According to the statistics for 2018, the following cyber currencies are recognized as the most common targets of fraudsters [18, 19]:

  • Monero, XMR (2014) – 44% of hacker quota

  • Ethereum, ETH (2015) – 11% of hacker quota

  • Bitcoin, BTC (2009) – 10% of hacker quota.

The theft of cryptographic means of payment can be carried out by organized crime cartels or smaller criminal groups. However, it is often about highly skilled professionals looking for an additional criminal source of revenue on the anonymous internet. Most of these incidents related to the theft of the cryptocurrency have been unfortunately recorded in USA (24), China (10) and UK (8).

8 Analysis: What’s Stopping the Development of Blockchain?

Despite optimistic forecasts and Blockchain perspectives, development and deployment of the technology is not so fast as the optimists would like to. Certain restrictions prevent this, for example [7, 15, 18]:

1. Control and management

Although the banks and financial institutions recognize the revolutionary character of the Blockchain applications, they also recognize the primary con: when everything is registered on the financial transactions, there is no more banking security and confidentiality! In the case of decentralized transaction processing, the lack of supervisory authorities means i.a. that even weapons and drugs can also be traded using the blocks and cryptocurrencies.

As conclusion:

In some countries – Romania, Kyrgizstan – a simple way was taken: the Blockchain transactions are prohibited.
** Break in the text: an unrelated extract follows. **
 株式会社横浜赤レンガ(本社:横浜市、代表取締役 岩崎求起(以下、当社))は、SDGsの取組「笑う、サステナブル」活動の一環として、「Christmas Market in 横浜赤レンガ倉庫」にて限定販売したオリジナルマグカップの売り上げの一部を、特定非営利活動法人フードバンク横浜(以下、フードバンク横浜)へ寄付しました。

The first steps towards the Blockchain regulation were undertaken within the EU. So since May 2018 the General Data Protection Regulation (GDPR, in German: DSGVO) came into force, which restricts the storage and processing of (personal and privacy) information. The Blockchain has to adhere to these restrictions – at least for EU citizens.

2. Mass character

Despite the apparent increase in cryptocurrency popularity, it should take several years for the cryptocurrency to become fully established. However, insufficient training of the population, skeptical citizens and certain unsuccessful or even criminal inset experiments (e.g. financial pyramid transactions) do not allow the Blockchain to conquer the market immediately.
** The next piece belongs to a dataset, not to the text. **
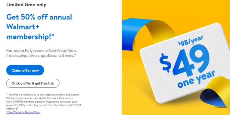 會(huì)員費(fèi)打五折 圖源:沃爾瑪

There is also negative propaganda from some financial institutions and entire states, such as India and China, where the government creates a negative image of the Blockchain and calls every transaction a criminal offense.

3. Costs

The main algorithm for the blockchain is SHA-256. All operations are checked and executed according to this hash algorithm [17]. However, these are very energy intensive processes. By comparison, global hashing exceeded 2018 the level for the power consumption of Cyprus! And these resource requirements will increase even more with a higher number of transactions [3, 4, 13, 20].

9 Conclusions

1. Advantages:

  • Blockchain is developing dynamically

  • Large IT companies and financial institutions are becoming increasingly involved

  • Blockchain is manipulation-proven and theoretically infinitely traceable

  • Multiple applications: cryptocurrencies, Smart Contracting and middle-term automation of the domains where an intermediary (confident) is required.

2. Disadvantages:

  • Complete replacement of the existing centralized banking system in middle-term is rather hopeless and fantastic; therefore rather niche business as an alternative to centralized banking system and stock exchanges

  • Profitability of the Bitcoin and other cryptocurrencies is questionable!

  • One thing is evident nowadays:

  • The solution to the above listed problems may be too complex and resource-intensive, long-term mass data retrieving (“Big Data”), mass validity tests, prevention of criminal activities (ransomware, fraud)

  • So, it is still unclear what way the Blockchain technology will take in the future?